[Problem to solve]
In this exercise, retype exactly the lines from the start of the entries through the line bearing "Because the inside", leaving every picture out.

**** Dataset entries ****

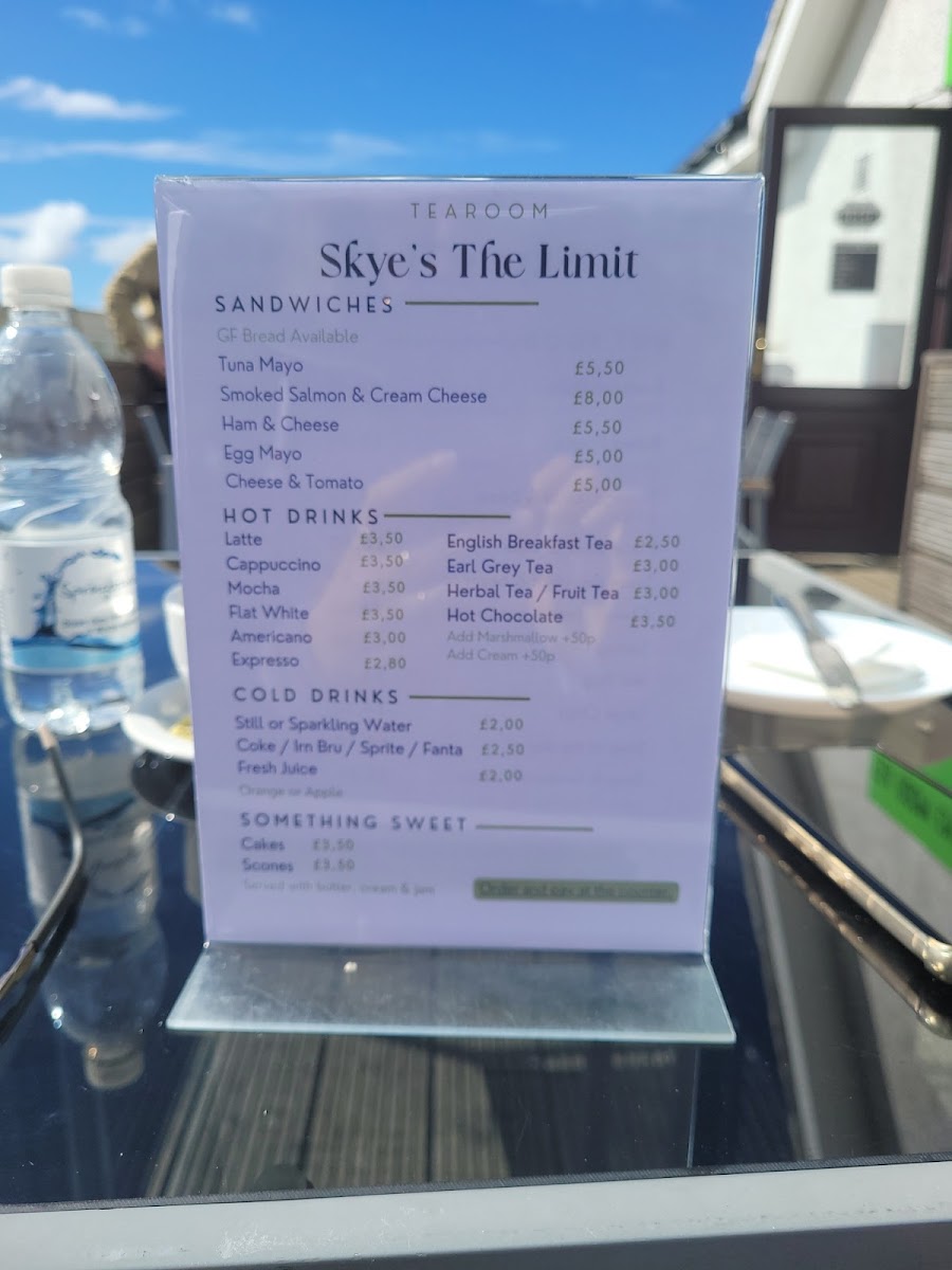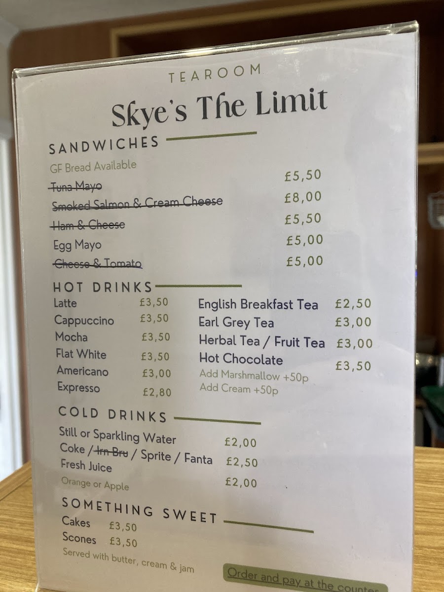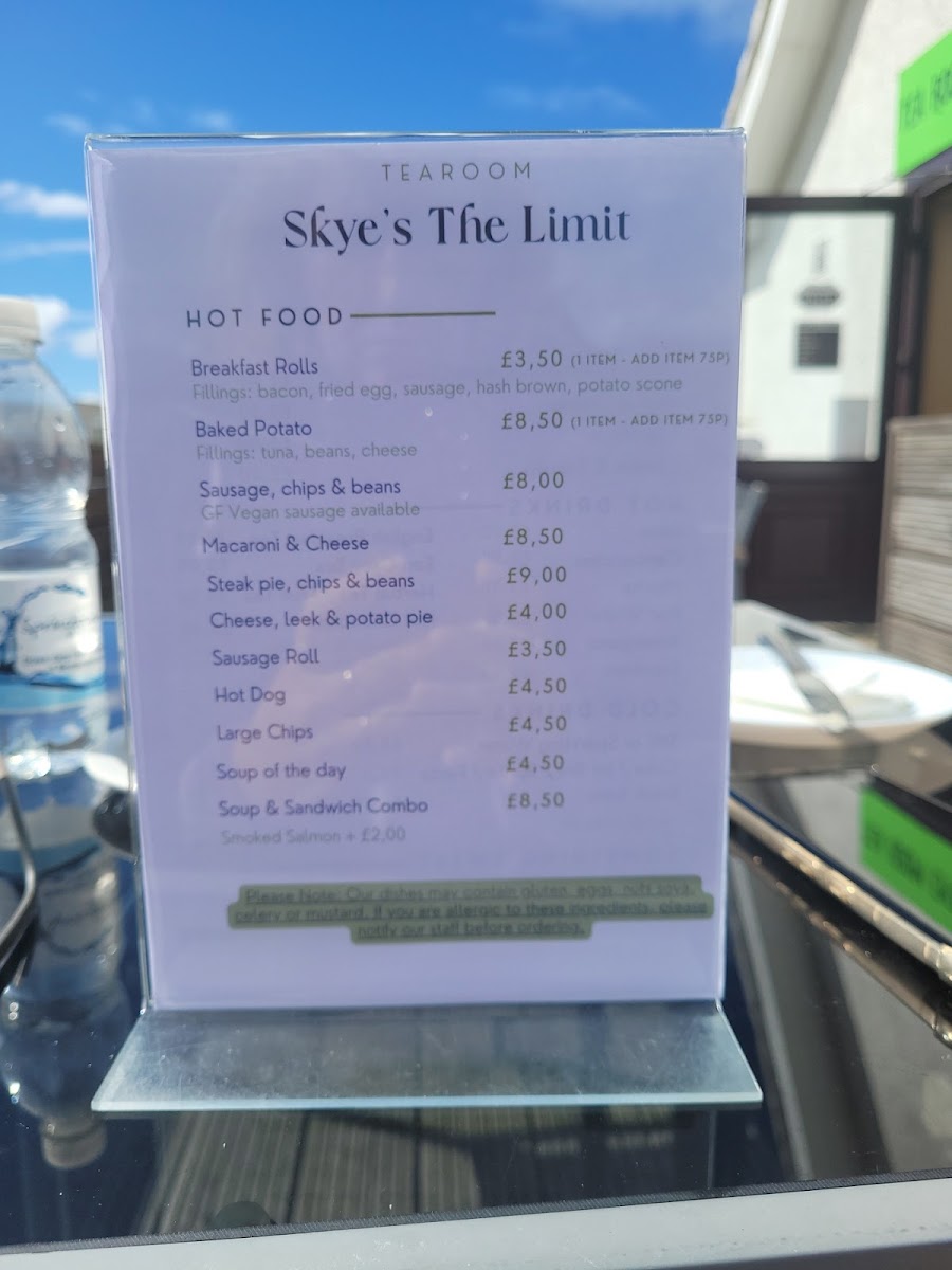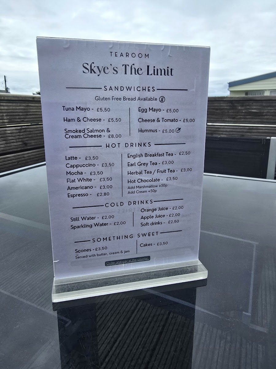 Hot Food options consist of dishes like chicken curry, beef and vegetable chilli served with a choice of rice or chips, as well as baked potatoes, sausage with chips and beans, steak and leek & potato pies, sausage rolls, hot dogs, and large portions of chips. These items offer heartier meal choices suitable for lunch or dinner.
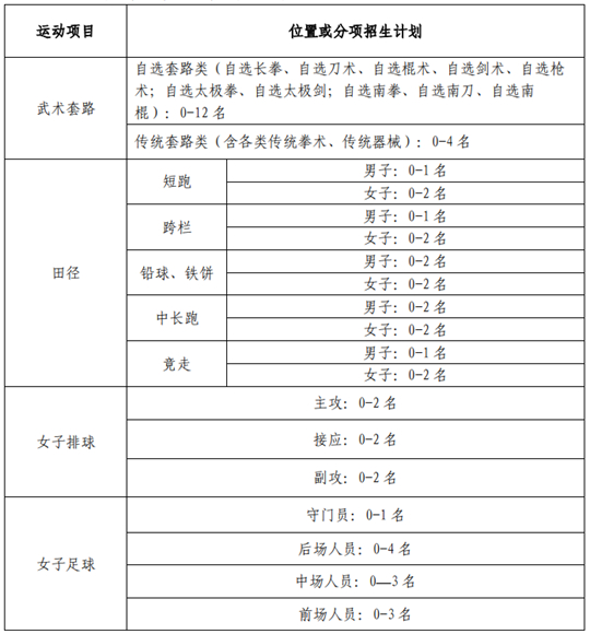 2022年我校高水平运动队计划在全国招生50名,具体项目招生计划及优惠政策如下:
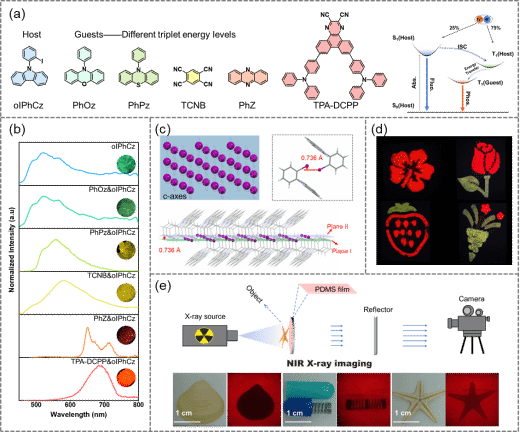 研究表明,主客体掺杂策略可以实现X射线吸收中心和辐射发光中心分离,主体材料吸收X射线通过能量转移实现客体发光,有效的避免的重原子猝灭发光的影响。依据单晶分析和理论计算,主体oIPhCz中重原子的排列以及分子间弱相互作用有效的提升了其X射线的吸收能力。因而基于oIPhCz的掺杂材料实现了高效、可调且稳定性优异的辐射发光。 基于此,这些材料还制备了有机闪烁体薄膜应用于X射线成像。这项工作为下一代有机闪烁体材料的设计、构建及应用提供了新的策略,并促进了其在柔性X射线成像等方面的应用。
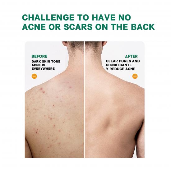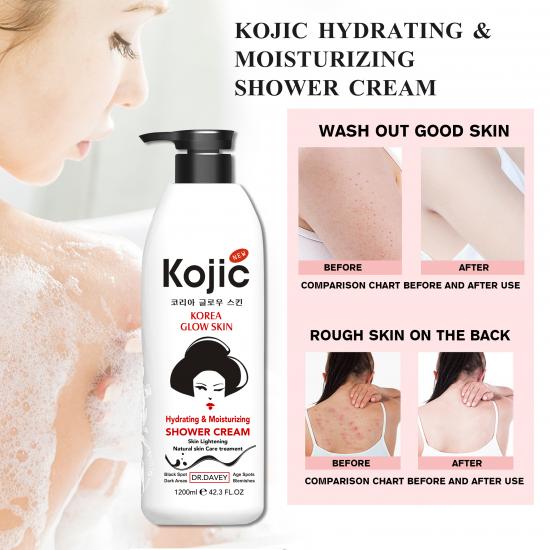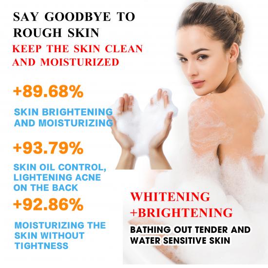 كريم الاستحمام هذا، الغني بحمض الكوجيك، يستهدف حب الشباب في الظهر، ولون البشرة الداكن، وملمسها الخشن: فهو ينظف المسام، ويقلل حب الشباب بشكل ملحوظ، ويفتح لون البشرة بنسبة 89.68%، ويتحكم في إفراز الزيوت (بفعالية 93.79%)، ويحافظ على ترطيب البشرة دون أن يسبب شدًا. يمنحك بشرة نظيفة، ناعمة، ومشرقة بعد كل غسلة.
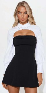 Čierne mini košeľové šaty s viazaním na rukávoch
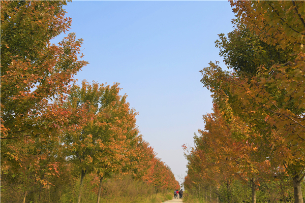 霜降過后,層林盡染。商水縣張明鄉(xiāng)炎坤種植合作社千畝苗圃里的紅葉石楠、五角楓、紅冠紅楓、法桐等數(shù)十種苗木葉子開始變得斑斕多彩,和路邊野蒿、地上的草坪、天上潔白的云朵形成豐富的景觀層次,吸引了周邊大批游客前來游玩賞秋。
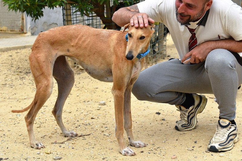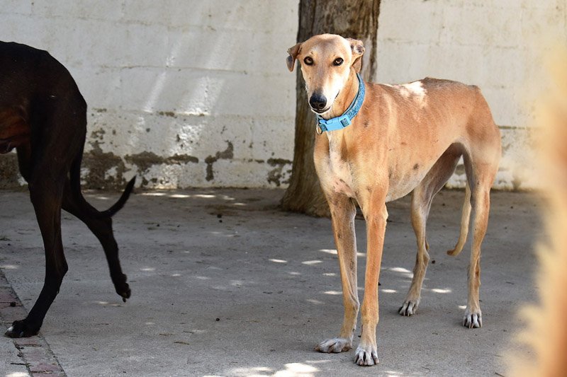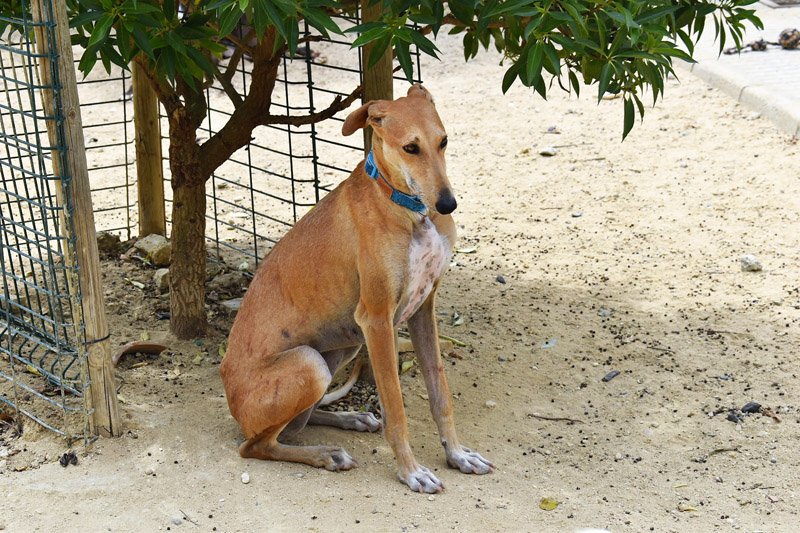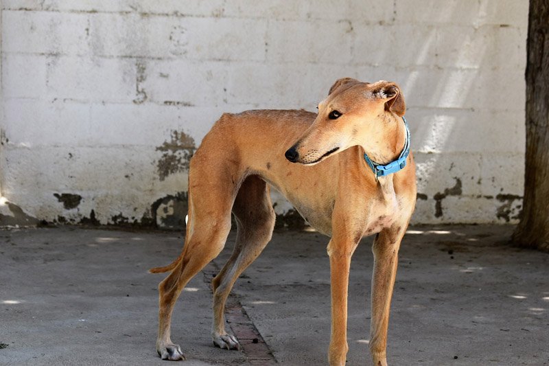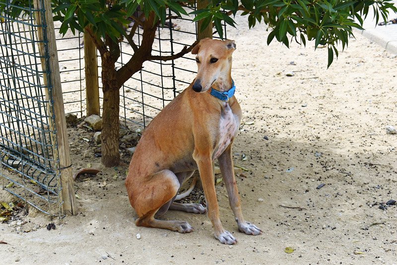 Ona ist seit dem 29. Mai im Tierheim. Sie wurde streunend allein in den Straßen von Jerez gefunden. Ona war in keinem guten Zustand, wer weiß was sie auf der Straße oder bei ihrem alten Besitzer erlebt hat. Sie war sehr dünn und hatte ganz stumpfes Fell, was sich aber schon sehr verbessert hat. Ona ist super-lieb mit anderen Hunden und mag auch Menschen nach einem Kennenlernen sehr. Interessenten sollten sich über die Rasse Galgo espanol informieren.
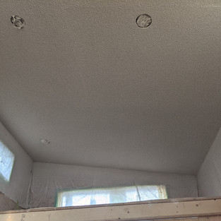 Because the inside of the house has many small, somewhat cramped spaces, spraying it with cork was to pose a problem; spray back, unevenness, and vapour issues would all make spraying the interior difficult, messy, and unpleasant. Instead, Randy from Innovative Cork suggested only spraying the ceiling, then trowelling the walls with cork - an application process common in Europe. Obviously I deferred to Randy's expertise, because, well, I'm the last person to call myself an expert in anything (except maybe selecting the exact right size of Tupperware container for leftovers...weird talent, but I'll take it).
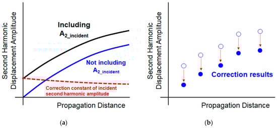 Finally, the correction factor is obtained from the difference between the two theoretical models that, respectively, include and do not include the incident second harmonic component, which is obtained in the estimation process, as shown Figure 10a. This component is subtracted from the experimental data to obtain the final second harmonic displacement amplitude, as shown in Figure 10b.
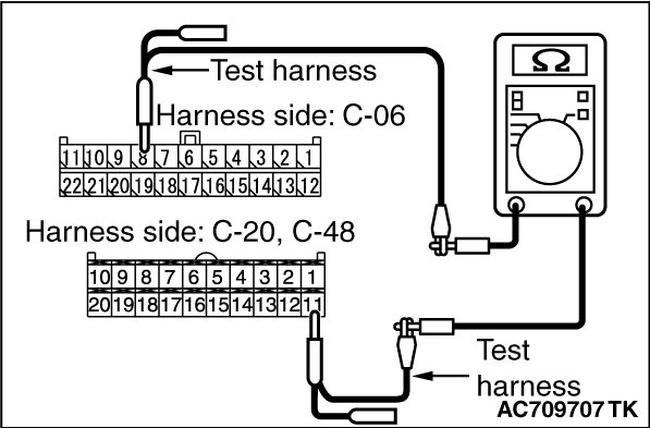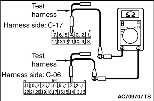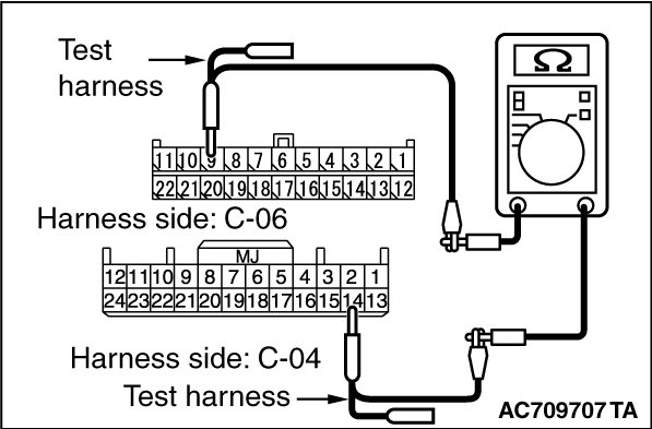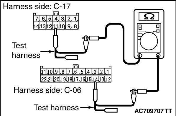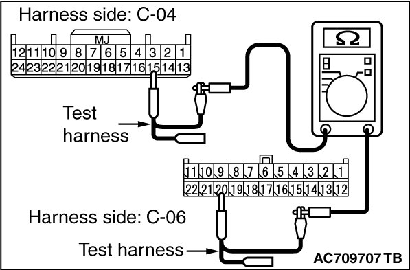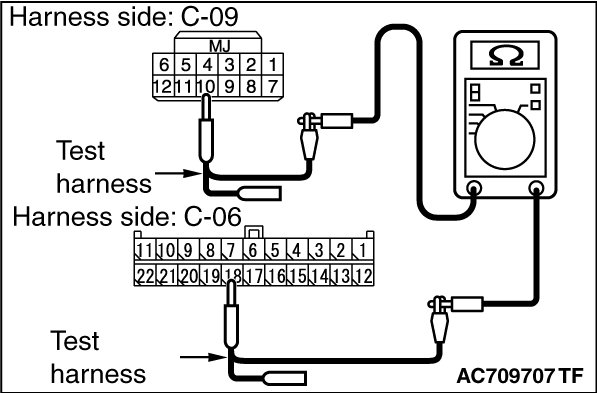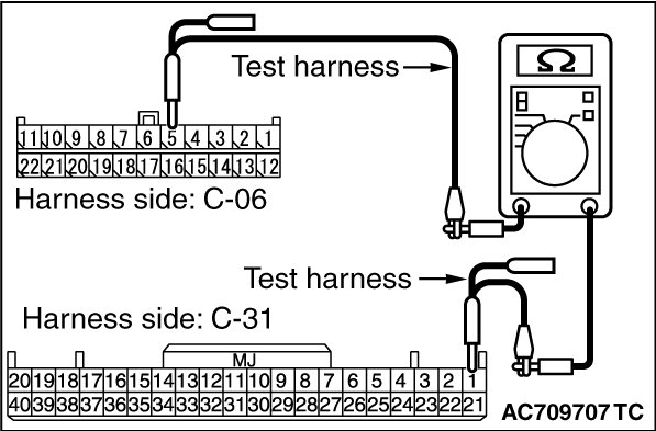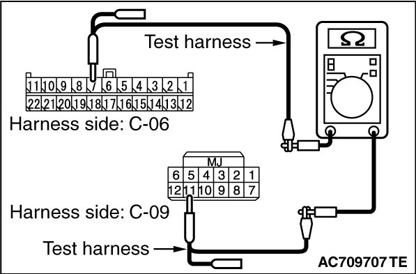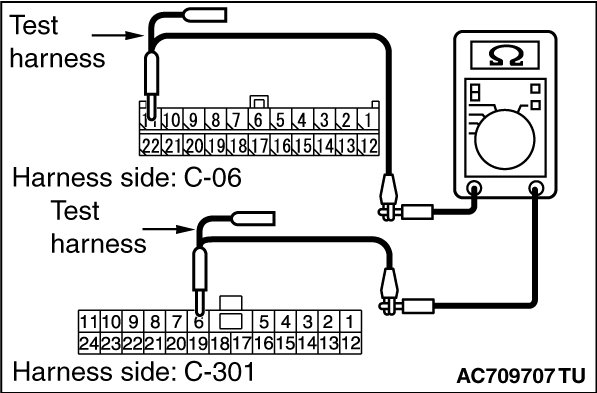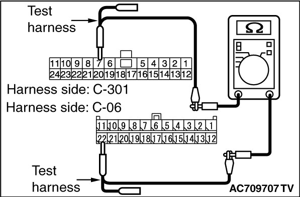 (3)Check the wiring harness between joint connector (CAN1) C-06 (terminal 22) and ETACS-ECU connector C-301 (terminal 7)
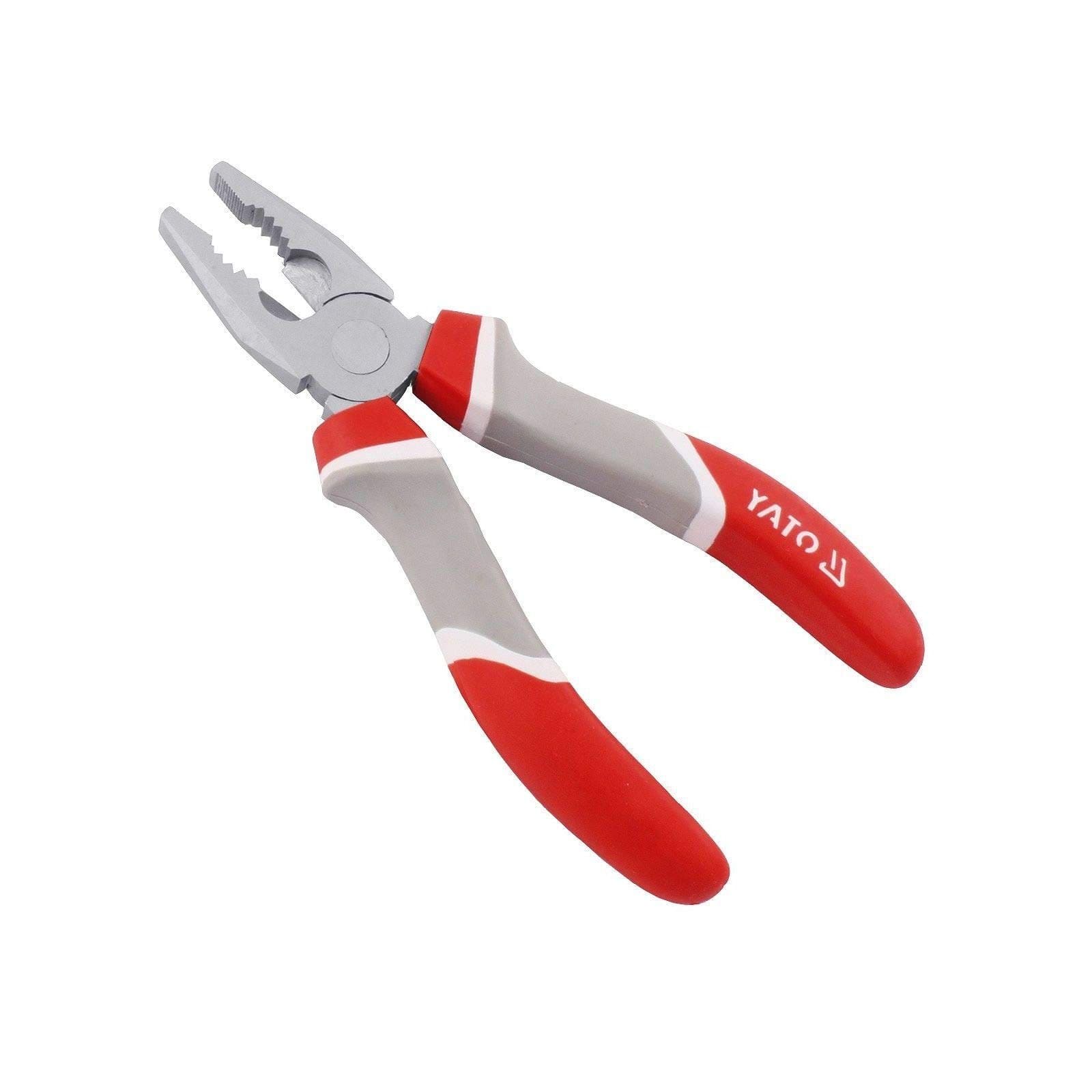 El alicate universal YATO de 7 pulgadas es la herramienta multiusos definitiva para el electricista moderno. Fabricado en acero Cromo Vanadio (CrV 55) forjado, este alicate ha sido sometido a un tratamiento térmico especial en sus cuchillas para alcanzar una dureza de hasta 62 HRC, permitiendo cortar alambres de dureza media y alta con facilidad. Su diseño ergonómico cuenta con mangos de doble inyección antideslizantes que proporcionan comodidad absoluta durante jornadas largas de trabajo, evitando la fatiga de la mano.

****

[Answer space]
 Hot Food options consist of dishes like chicken curry, beef and vegetable chilli served with a choice of rice or chips, as well as baked potatoes, sausage with chips and beans, steak and leek & potato pies, sausage rolls, hot dogs, and large portions of chips. These items offer heartier meal choices suitable for lunch or dinner.
 2022年我校高水平运动队计划在全国招生50名,具体项目招生计划及优惠政策如下:
 研究表明,主客体掺杂策略可以实现X射线吸收中心和辐射发光中心分离,主体材料吸收X射线通过能量转移实现客体发光,有效的避免的重原子猝灭发光的影响。依据单晶分析和理论计算,主体oIPhCz中重原子的排列以及分子间弱相互作用有效的提升了其X射线的吸收能力。因而基于oIPhCz的掺杂材料实现了高效、可调且稳定性优异的辐射发光。 基于此,这些材料还制备了有机闪烁体薄膜应用于X射线成像。这项工作为下一代有机闪烁体材料的设计、构建及应用提供了新的策略,并促进了其在柔性X射线成像等方面的应用。
 كريم الاستحمام هذا، الغني بحمض الكوجيك، يستهدف حب الشباب في الظهر، ولون البشرة الداكن، وملمسها الخشن: فهو ينظف المسام، ويقلل حب الشباب بشكل ملحوظ، ويفتح لون البشرة بنسبة 89.68%، ويتحكم في إفراز الزيوت (بفعالية 93.79%)، ويحافظ على ترطيب البشرة دون أن يسبب شدًا. يمنحك بشرة نظيفة، ناعمة، ومشرقة بعد كل غسلة.
 Čierne mini košeľové šaty s viazaním na rukávoch
 霜降過后,層林盡染。商水縣張明鄉(xiāng)炎坤種植合作社千畝苗圃里的紅葉石楠、五角楓、紅冠紅楓、法桐等數(shù)十種苗木葉子開始變得斑斕多彩,和路邊野蒿、地上的草坪、天上潔白的云朵形成豐富的景觀層次,吸引了周邊大批游客前來游玩賞秋。
 Ona ist seit dem 29. Mai im Tierheim. Sie wurde streunend allein in den Straßen von Jerez gefunden. Ona war in keinem guten Zustand, wer weiß was sie auf der Straße oder bei ihrem alten Besitzer erlebt hat. Sie war sehr dünn und hatte ganz stumpfes Fell, was sich aber schon sehr verbessert hat. Ona ist super-lieb mit anderen Hunden und mag auch Menschen nach einem Kennenlernen sehr. Interessenten sollten sich über die Rasse Galgo espanol informieren.
 Because the inside of the house has many small, somewhat cramped spaces, spraying it with cork was to pose a problem; spray back, unevenness, and vapour issues would all make spraying the interior difficult, messy, and unpleasant. Instead, Randy from Innovative Cork suggested only spraying the ceiling, then trowelling the walls with cork - an application process common in Europe. Obviously I deferred to Randy's expertise, because, well, I'm the last person to call myself an expert in anything (except maybe selecting the exact right size of Tupperware container for leftovers...weird talent, but I'll take it).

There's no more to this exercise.